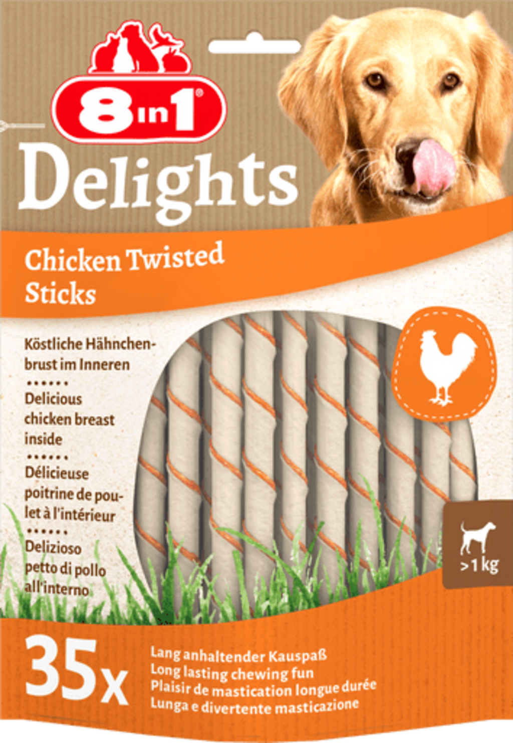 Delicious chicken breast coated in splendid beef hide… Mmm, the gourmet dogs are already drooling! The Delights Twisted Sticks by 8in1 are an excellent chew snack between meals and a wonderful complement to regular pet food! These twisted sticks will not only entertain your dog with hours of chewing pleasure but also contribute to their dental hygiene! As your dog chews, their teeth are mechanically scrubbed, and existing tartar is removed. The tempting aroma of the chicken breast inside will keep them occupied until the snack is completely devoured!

* * *

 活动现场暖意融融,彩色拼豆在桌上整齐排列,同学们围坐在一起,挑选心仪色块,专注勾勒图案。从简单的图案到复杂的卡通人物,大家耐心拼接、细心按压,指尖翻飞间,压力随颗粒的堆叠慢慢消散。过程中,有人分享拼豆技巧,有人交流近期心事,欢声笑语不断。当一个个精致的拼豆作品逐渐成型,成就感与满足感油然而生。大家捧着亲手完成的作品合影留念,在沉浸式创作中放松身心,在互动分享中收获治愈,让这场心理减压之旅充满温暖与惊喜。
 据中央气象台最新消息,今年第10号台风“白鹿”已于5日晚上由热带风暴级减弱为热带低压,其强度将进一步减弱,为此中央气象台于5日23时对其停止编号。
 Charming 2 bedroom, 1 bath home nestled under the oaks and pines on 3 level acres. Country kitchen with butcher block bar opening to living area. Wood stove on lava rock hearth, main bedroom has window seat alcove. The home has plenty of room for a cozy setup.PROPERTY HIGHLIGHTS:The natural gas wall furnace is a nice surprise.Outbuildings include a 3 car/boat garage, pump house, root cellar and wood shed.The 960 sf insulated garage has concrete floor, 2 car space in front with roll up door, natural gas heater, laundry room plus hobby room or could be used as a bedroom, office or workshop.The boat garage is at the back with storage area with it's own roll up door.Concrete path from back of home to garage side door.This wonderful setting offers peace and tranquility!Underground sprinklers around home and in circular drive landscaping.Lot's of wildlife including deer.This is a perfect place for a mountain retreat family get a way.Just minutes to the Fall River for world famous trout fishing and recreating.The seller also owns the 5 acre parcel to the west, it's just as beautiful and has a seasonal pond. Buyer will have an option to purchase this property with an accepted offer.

==

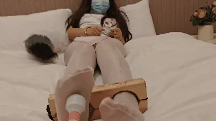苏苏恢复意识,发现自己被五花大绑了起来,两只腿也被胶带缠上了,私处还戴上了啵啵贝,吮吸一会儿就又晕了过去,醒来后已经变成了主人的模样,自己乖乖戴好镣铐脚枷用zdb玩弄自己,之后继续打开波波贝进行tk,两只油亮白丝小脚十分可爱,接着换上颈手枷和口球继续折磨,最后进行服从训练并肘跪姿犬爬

**Exercise requirements**. With the line holding "活动现场暖意融融,彩色拼豆在" as the first and the line holding "Charming 2 bedroom, 1" as the last, please transcribe exactly the lines of the material above in that range and nothing else.

**Written solution**.
 活动现场暖意融融,彩色拼豆在桌上整齐排列,同学们围坐在一起,挑选心仪色块,专注勾勒图案。从简单的图案到复杂的卡通人物,大家耐心拼接、细心按压,指尖翻飞间,压力随颗粒的堆叠慢慢消散。过程中,有人分享拼豆技巧,有人交流近期心事,欢声笑语不断。当一个个精致的拼豆作品逐渐成型,成就感与满足感油然而生。大家捧着亲手完成的作品合影留念,在沉浸式创作中放松身心,在互动分享中收获治愈,让这场心理减压之旅充满温暖与惊喜。
 据中央气象台最新消息,今年第10号台风“白鹿”已于5日晚上由热带风暴级减弱为热带低压,其强度将进一步减弱,为此中央气象台于5日23时对其停止编号。
 Charming 2 bedroom, 1 bath home nestled under the oaks and pines on 3 level acres. Country kitchen with butcher block bar opening to living area. Wood stove on lava rock hearth, main bedroom has window seat alcove. The home has plenty of room for a cozy setup.PROPERTY HIGHLIGHTS:The natural gas wall furnace is a nice surprise.Outbuildings include a 3 car/boat garage, pump house, root cellar and wood shed.The 960 sf insulated garage has concrete floor, 2 car space in front with roll up door, natural gas heater, laundry room plus hobby room or could be used as a bedroom, office or workshop.The boat garage is at the back with storage area with it's own roll up door.Concrete path from back of home to garage side door.This wonderful setting offers peace and tranquility!Underground sprinklers around home and in circular drive landscaping.Lot's of wildlife including deer.This is a perfect place for a mountain retreat family get a way.Just minutes to the Fall River for world famous trout fishing and recreating.The seller also owns the 5 acre parcel to the west, it's just as beautiful and has a seasonal pond. Buyer will have an option to purchase this property with an accepted offer.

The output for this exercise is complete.